[SUPPLIED DATA]
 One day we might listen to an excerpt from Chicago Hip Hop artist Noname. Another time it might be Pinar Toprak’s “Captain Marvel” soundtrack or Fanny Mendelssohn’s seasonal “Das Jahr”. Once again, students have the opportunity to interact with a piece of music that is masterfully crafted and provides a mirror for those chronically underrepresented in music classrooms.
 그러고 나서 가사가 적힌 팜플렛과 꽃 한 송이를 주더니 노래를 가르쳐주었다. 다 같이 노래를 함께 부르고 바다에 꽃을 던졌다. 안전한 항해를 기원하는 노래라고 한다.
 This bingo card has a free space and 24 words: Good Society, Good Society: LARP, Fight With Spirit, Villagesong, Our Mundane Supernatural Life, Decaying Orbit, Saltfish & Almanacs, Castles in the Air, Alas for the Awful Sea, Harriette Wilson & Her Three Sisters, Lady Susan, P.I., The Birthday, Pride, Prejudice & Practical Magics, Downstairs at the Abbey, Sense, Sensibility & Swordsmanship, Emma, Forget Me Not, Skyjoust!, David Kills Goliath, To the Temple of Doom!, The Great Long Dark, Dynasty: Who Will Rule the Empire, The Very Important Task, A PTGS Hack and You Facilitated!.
---
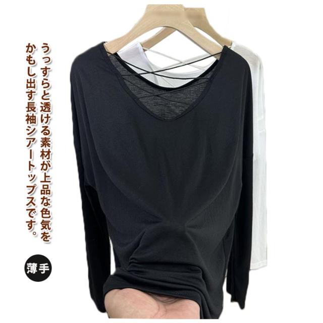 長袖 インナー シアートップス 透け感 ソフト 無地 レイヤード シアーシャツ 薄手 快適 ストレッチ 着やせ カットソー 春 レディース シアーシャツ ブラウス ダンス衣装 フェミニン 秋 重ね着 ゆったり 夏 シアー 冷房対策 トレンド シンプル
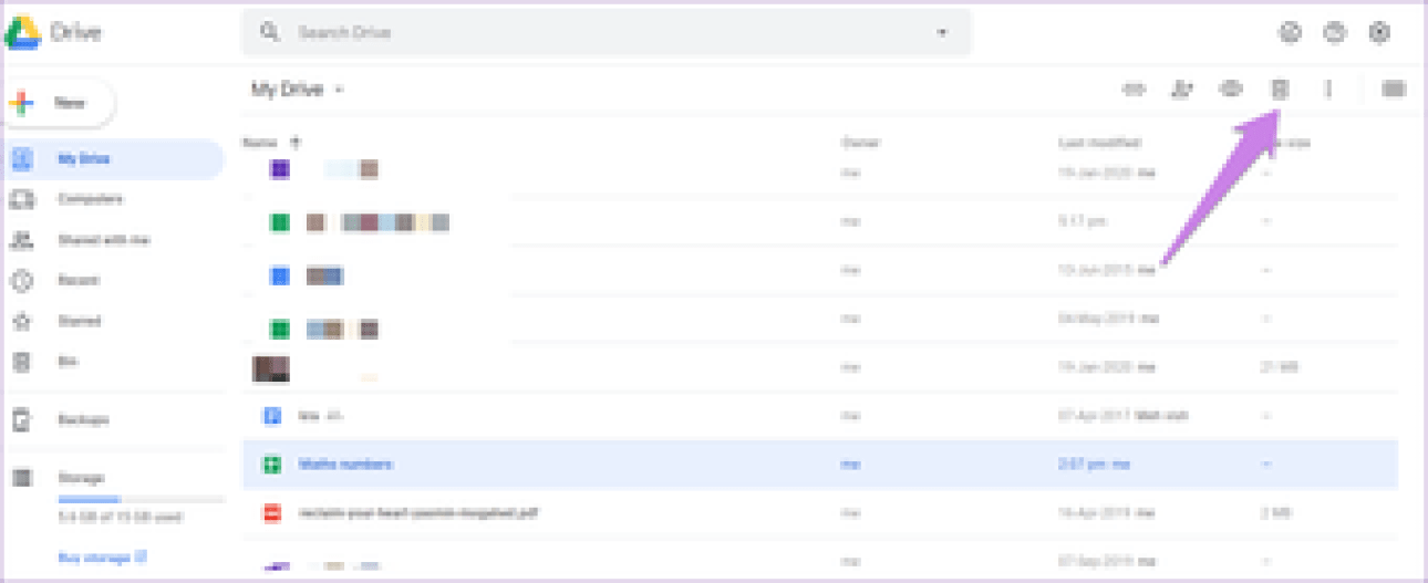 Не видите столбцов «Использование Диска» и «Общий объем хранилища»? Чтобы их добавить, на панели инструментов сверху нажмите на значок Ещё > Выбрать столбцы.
--
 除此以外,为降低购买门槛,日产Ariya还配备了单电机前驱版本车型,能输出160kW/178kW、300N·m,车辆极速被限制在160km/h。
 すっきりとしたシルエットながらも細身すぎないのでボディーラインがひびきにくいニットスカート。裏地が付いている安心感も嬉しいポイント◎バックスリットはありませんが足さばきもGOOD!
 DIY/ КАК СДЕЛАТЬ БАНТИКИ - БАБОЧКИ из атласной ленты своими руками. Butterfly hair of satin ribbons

[EXERCISE OBJECTIVE]
After locating the line with "One day we might" in the material above, return it and each line after it exactly, ending at the line with "그러고 나서 가사가 적힌".

[RESPONSE BOX]
 One day we might listen to an excerpt from Chicago Hip Hop artist Noname. Another time it might be Pinar Toprak’s “Captain Marvel” soundtrack or Fanny Mendelssohn’s seasonal “Das Jahr”. Once again, students have the opportunity to interact with a piece of music that is masterfully crafted and provides a mirror for those chronically underrepresented in music classrooms.
 그러고 나서 가사가 적힌 팜플렛과 꽃 한 송이를 주더니 노래를 가르쳐주었다. 다 같이 노래를 함께 부르고 바다에 꽃을 던졌다. 안전한 항해를 기원하는 노래라고 한다.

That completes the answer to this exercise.